The morphology and elemental composition of MNPs (Fe₃O₄, NiFe₂O₄ and CoFe₂O₄) were identified by SEM coupled with EDX measurements (Figure 1). Figure 1a shows the spherical shaped Fe₃O₄ NPs. SEM image of NiFe₂O₄ NPs (Figure 1b) shows the existence of larger sized, irregularly shaped particles. A SEM image of CoFe₂O₄ NPs (Figure 1c) informs the presence of particles with an elongated spherical morphology. EDX analysis verifies the chemical compositions. The absence of elements other than the corresponding elements in the MNP samples, suggests that there is no contamination. A TEM image of NiFe₂O₄ NPs (Figure 1e) reveals the presence of random sized particles having an average particle size of 148 nm. However, TEM images of Fe₃O₄ and CoFe₂O₄ NPs (Figure 1d,f) show the narrow distribution of smaller sized spherical particles having an average size of 35 nm and 55 nm, respectively.
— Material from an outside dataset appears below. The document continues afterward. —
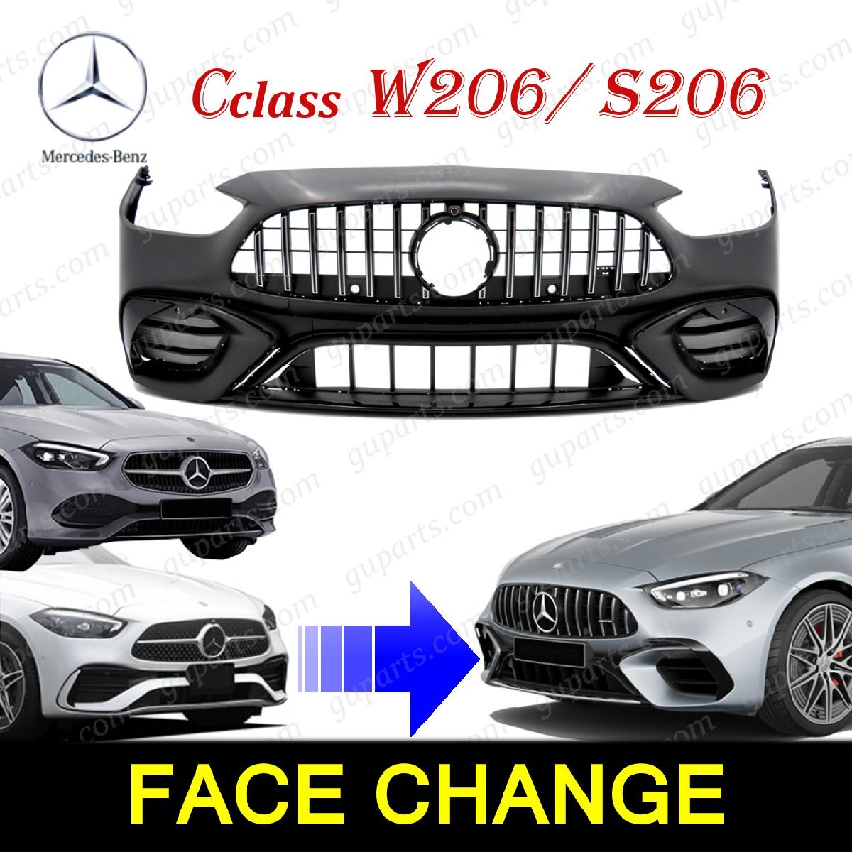 > ベンツ C W206 S206 2021~ C180 C200 C220d C350e C43 → C63 AMG フェイスチェンジ フロントバンパー グリル セット
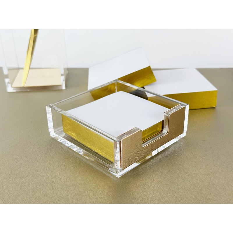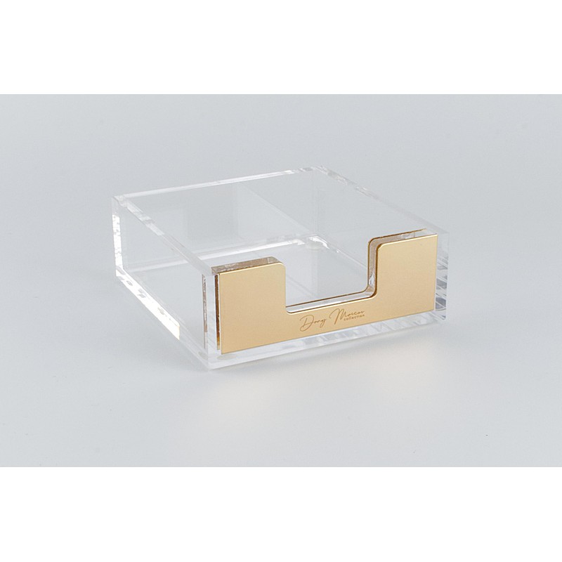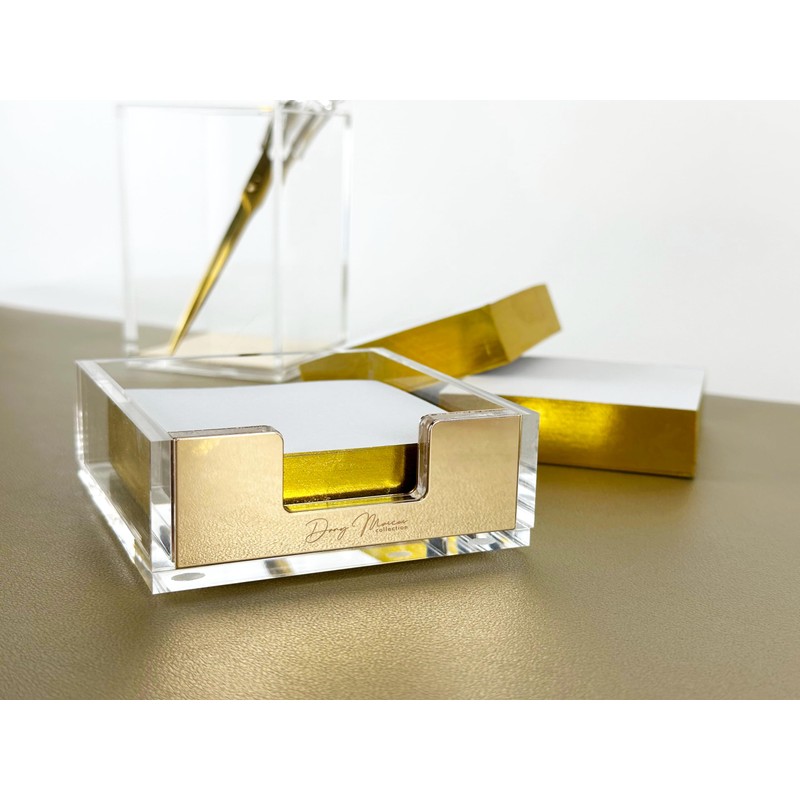 Dany Marcus Elegante Acrylglas-Zettelbox mit Goldakzenten, Notizzettelhalter + Ein Notizblock

3.2. Phase Structure of Pristine MNPs and PEG-Coated MNPs

XRD patterns of Fe₃O₄, NiFe₂O₄ and CoFe₂O₄ NPs are shown in Figure 2a. The XRD pattern of Fe₃O₄ NPs exhibits peaks that correspond to the (220), (311), (400), (511) and (440) of the inverse cubic spinel phase (JCPDS card no. (85-1436). XRD image of NiFe₂O₄ consists of peaks corresponding to (200), (311), (400), (620) and (533) of a cubic spinel structure that corroborates well with the JCPDS, File No. (10-325). The XRD pattern of CoFe₂O₄ NPs comprises peaks that correspond to the (220), (311), (400), (511) and (440) of pure cubic structure recognized with the JCPDS, File No. (22-1086). Figure 2b shows the XRD pattern of respective PEGylation Fe₃O₄, NiFe₂O₄ and CoFe₂O₄ NPs.

The decrease in crystalline peak intensities suggests that PEG coating is effective on the MNPs. XRD analysis offers information about the crystalline grain size, structure, lattice parameters and phase nature of the investigated MNPs. The crystallite sizes are quantitatively determined from the XRD data using the Debye–Scherrer equation,

d = (kλ/βcos θ)

(1)

where, d—particle size, θ—Bragg angle, k—Debye–Scherrer constant (0.89). It can be taken as 0.89 or 0.9 for Full-Width Half Maximum (FWHM) of spherical crystals with cubic unit cells, λ- X-ray wavelength (0.15406 nm) and β is the full width at half maximum. Calculated average crystallite sizes of Fe₃O₄, NiFe₂O₄ and CoFe₂O₄ are 9 nm, 38 nm and 13 nm, respectively. However, the aggregation of grains occurs to result in the formation of larger-sized particles.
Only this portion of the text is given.